Across the river, 30 yards away, a hobo has determined, against great odds and for reasons known but to God, to reach the unreachable stream. Scratching and clawing, scratched and clawed in turn, he scales one barbed-wire fence, then another, then drops eight feet into a drainage channel. By chance, a sturdy 15-foot metal rod is propped against the river ditch.

Agile if tipsy, the hobo goes down the rod, hand over hand. For 20 minutes, he wanders the wadi, solitary prince of all he surveys. Finally, he picks up a discarded Styrofoam cup. He dips the cup into the runnel and anoints his matted noggin; twice, three times.

Hand over hand up the ladder is a drag, but he makes it. Scaling the ditch wall proves impossible. Undaunted, the hobo disappears up a large concrete pipe. Five minutes later, he reappears, shuffling along Forest Lawn Drive and looking mighty pleased with himself.

From across the river, the Explorer applauds spontaneously. The hobo pauses for a moment, gives an illogically gracious little bow, and hits the open road.

Inspired, the Explorer resolves to surmount his own obstacles. Burbank Studios is not nearly worth the effort: late-model cars and a row of new pickups parked on a riverfront road. For this, they post sentries? Still, noblesse oblige.

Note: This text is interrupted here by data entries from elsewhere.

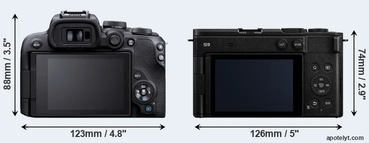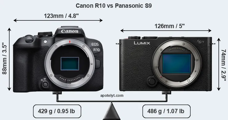 The side-by-side display below illustrates the physical size and weight of the Canon R10 and the Panasonic S9. The two cameras are presented according to their relative size. Three consecutive perspectives from the front, the top, and the back are available. All width, height and depth measures are rounded to the nearest millimeter.
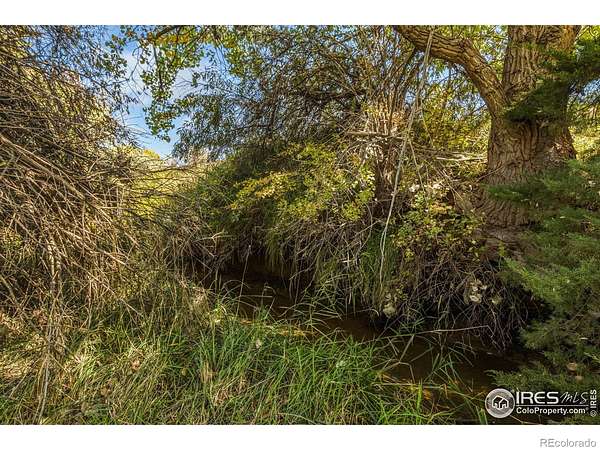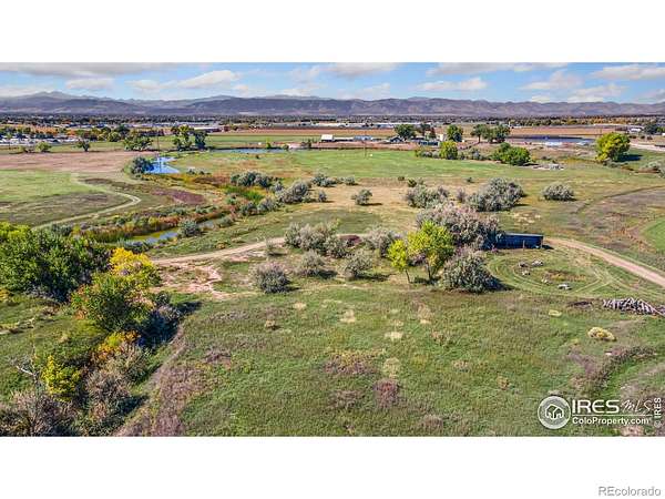Incredibly rare opportunity to own 36 acres just outside Fort Collins city limits with a private access easement. Enjoy the freedom of no HOA and no covenants. A 300-foot pond highlights the west side of the property, while Boxelder Creek meanders along the east. A Gallery well has been installed, and the impressive 50' x 80' shop offers 16' eaves, two 14' x 14' overhead doors, and a 6" concrete slab floor. The property attracts wildlife including turkeys, ducks, geese, and deer, and showcases spectacular views of Longs Peak, Mount Meeker, and the Rocky Mountain Range. The road and driveway are well maintained, with an 18" recycled asphalt pad in front of the shop. Additional features include a loafing shed and hundreds of mature evergreen and deciduous trees. No utilities have been paid for or installed. A 40' access easement allows for both access and utility installation.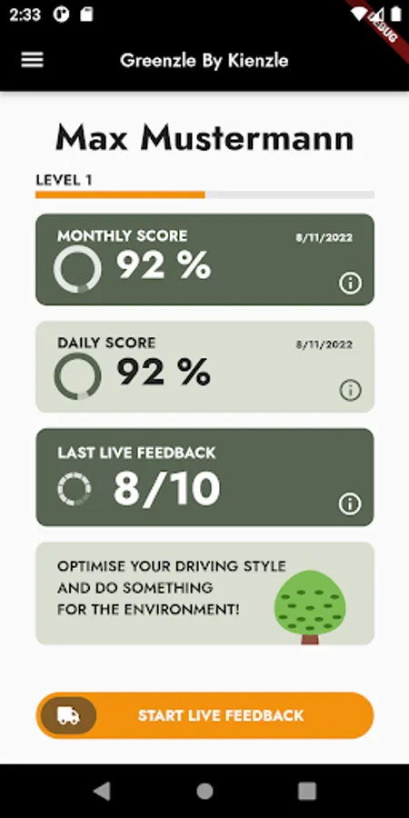 Greenzle by Kienzle is an app that helps you drive in a more environmentally conscious, resource-saving and economical way. Whether you are driving a car, bus or truck, you receive important insights and feedback on your own driving style, which helps you to drive the vehicle in an efficient range. The associated and pre-installed telematics unit in your vehicle records consumption-relevant data in the process. This includes: RPM, acceleration, braking as well as cornering behavior and much more. This data is then translated by Greenzle by Kienzle into driving events and subsequently displayed in simple and descriptive scores.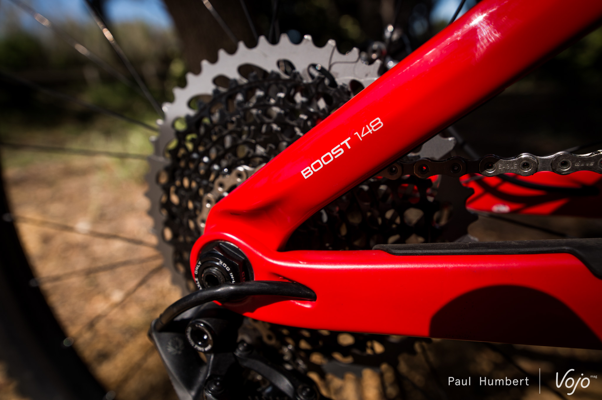 Le cadre est tout en carbone et développe un débattement de 150mm. On retrouve tous les derniers standards comme le boost (148, 110mm) ou la transmission exclusivement mono-plateau, dans la mesure où ils sont utilisés comme partie intégrante de la conception de la partie arrière du vélo afin d’offrir des bases courtes, de moins de 435mm.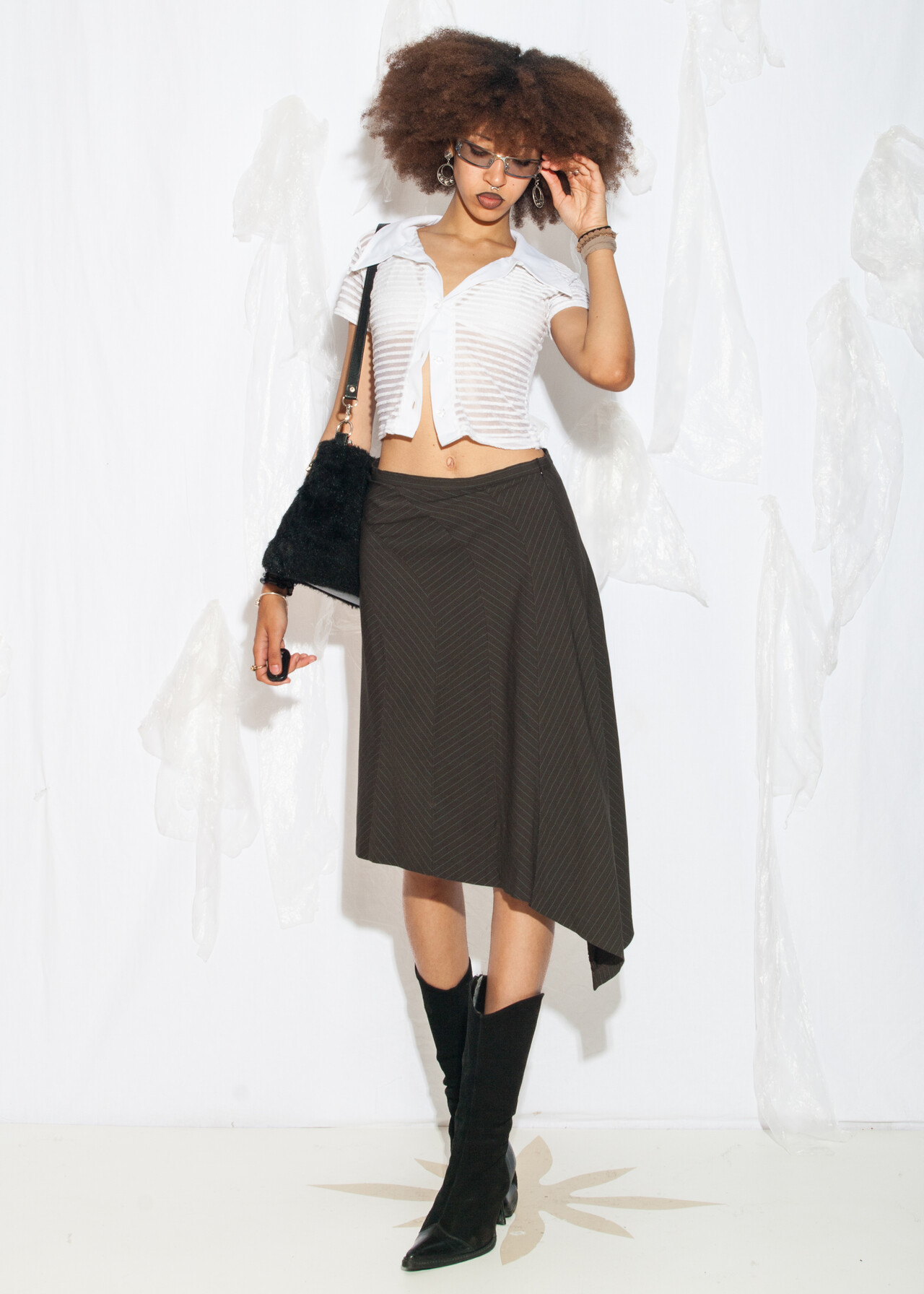 Batiste’s Y2K vintage skirt is the business casual friend you never knew you needed, ready to strut from office siren mode straight into the early 2000s time warp with its asymmetric hem and wool blend charm!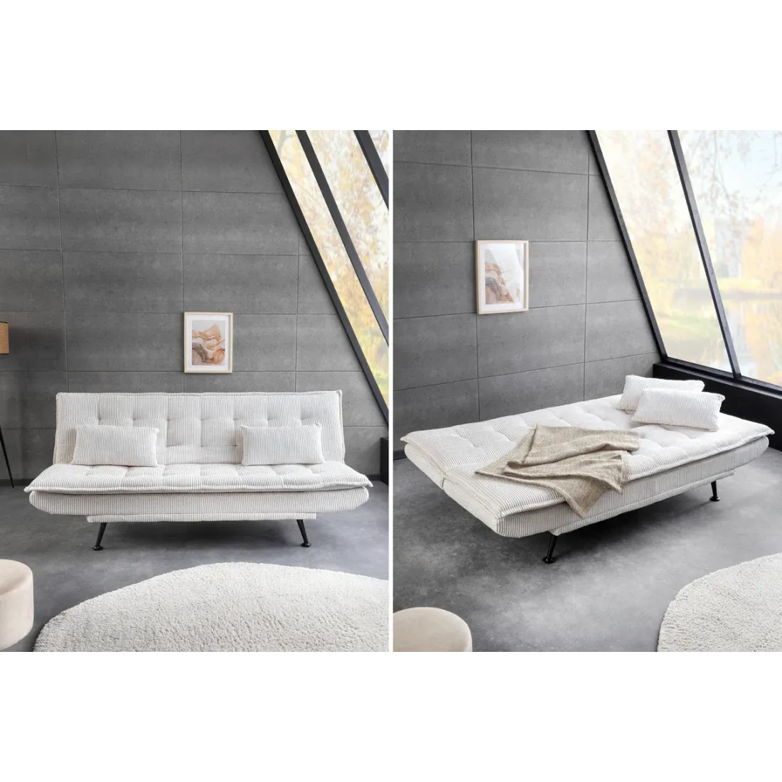 Le canapé-lit JAZZ séduit par son design moderne, son velours tricoté doux et sa grande polyvalence. Convertible en couchage en quelques gestes, il est idéal pour les moments de détente comme pour accueillir des invités, tout en apportant une touche élégante à votre intérieur.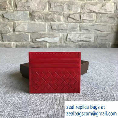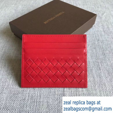 Bottega Veneta Card Case In Intrecciato Weave Red
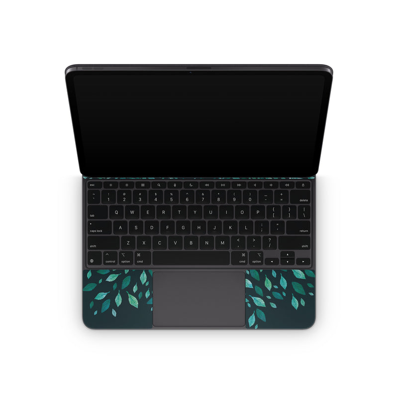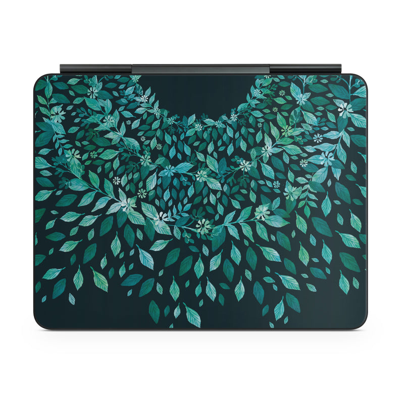 iStyles Magic Keyboard for iPad Series Skin design of Green, Aqua, Organism, Turquoise, Natural environment, Teal, Marine biology, Water, Leaf, Plant, with black, green, white colors, and tagged with patterns, nature, flowers, blue, flowers, green, leaves, nature, wreath.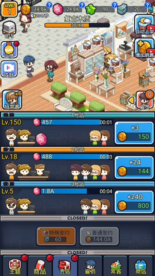 游戏玩法:对于这款休闲有趣放置模拟游戏来说,其实在玩法上并没有什么难度,主要就是通过打造新的主题格局,管理销售商品的价格,开设分店和雇佣员工等方面构成。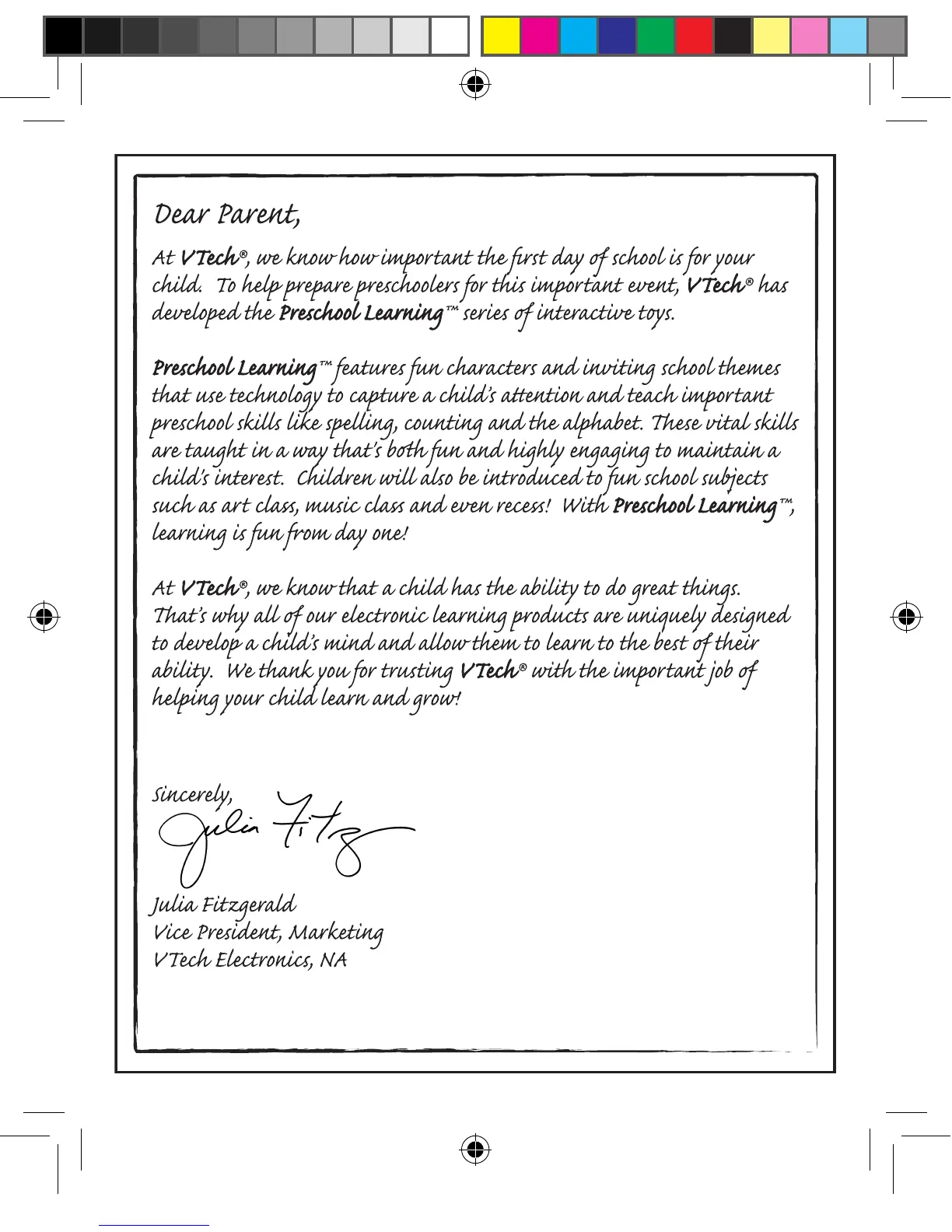 To learn more about the Preschool Learning series and other VTech® toys, visit www.vtechkids.com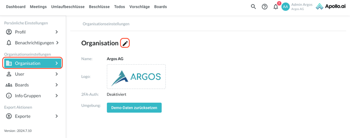 Navigieren Sie zu "Organisation" über die linke Spalte, dann klicken Sie rechts auf das Edit-Symbol: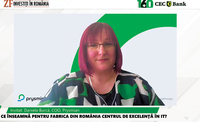 ZF Investiţi în România! Daniela Burcă, COO la Prysmian: Investim în creşterea producţiei la Slatina, dar şi în cercetare-dezvoltare şi într-un centru de IT în România. „Avem peste 50 de posturi deschise pe partea de IT şi vrem să ne atragem colegi aici.“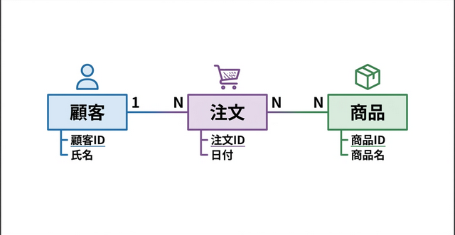 • カーディナリティ(多重度):エンティティ間の数的関係(1対1・1対多・多対多)。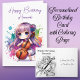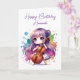 Personalized girl's birthday card. Adorable cartoon anime girl playing a cello.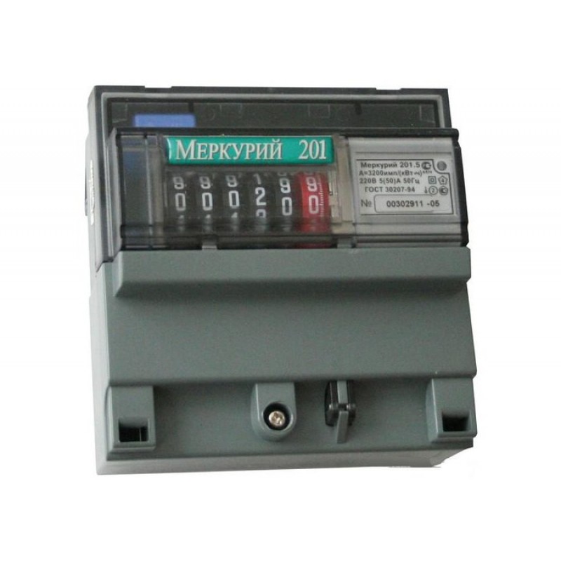 Счетчик Меркурий 201.5 1ф 5-60А 220В на динрейку ОУ

West of Burbank, it occurs to him that he is in the vicinity of at least a subsidiary source of the river. Everybody talks about Toluca Lake but nobody does anything about it. The reason becomes apparent: You can't get there from here--not unless you enter the grounds of the Lakeside Country Club.

A pity, too, because it is a bucolic little bayou--two ponds, actually, bisected by a causeway--rimmed by handsome houses, wide lawns and wooden docks. Even a couple of boats, destination nowhere. On one dock, one of those little jockey statues holding a ring for tethering horses. (Sea horses?)

Outlet is at the east end of the lake under two magnificent palms--a manhole-sized pit through which the lake water whirlpools with a Circean slurp en route to its rendezvous with the swinish river.

Virgin Golf Balls

The riverfront bushes along the Lakeside course hide the best class of lost golf ball this side of Riviera, a disproportionate number of them virtually virgins. Flower beds flank immaculate fairways, in startling contrast to the scene directly across the river: Glimpsed between Quonset huts are the outbuildings of a ghost town and the unmistakeable silhouette of a Bronx blackstone (we don't have brownstones in the Bronx any more).

What it is, just a duckhook away, is the back lot of Universal Studios, and what it leads to is a unique establishment: Los Angeles' one and only riverside cafe--three outdoor tables under green-and-white Perrier umbrellas.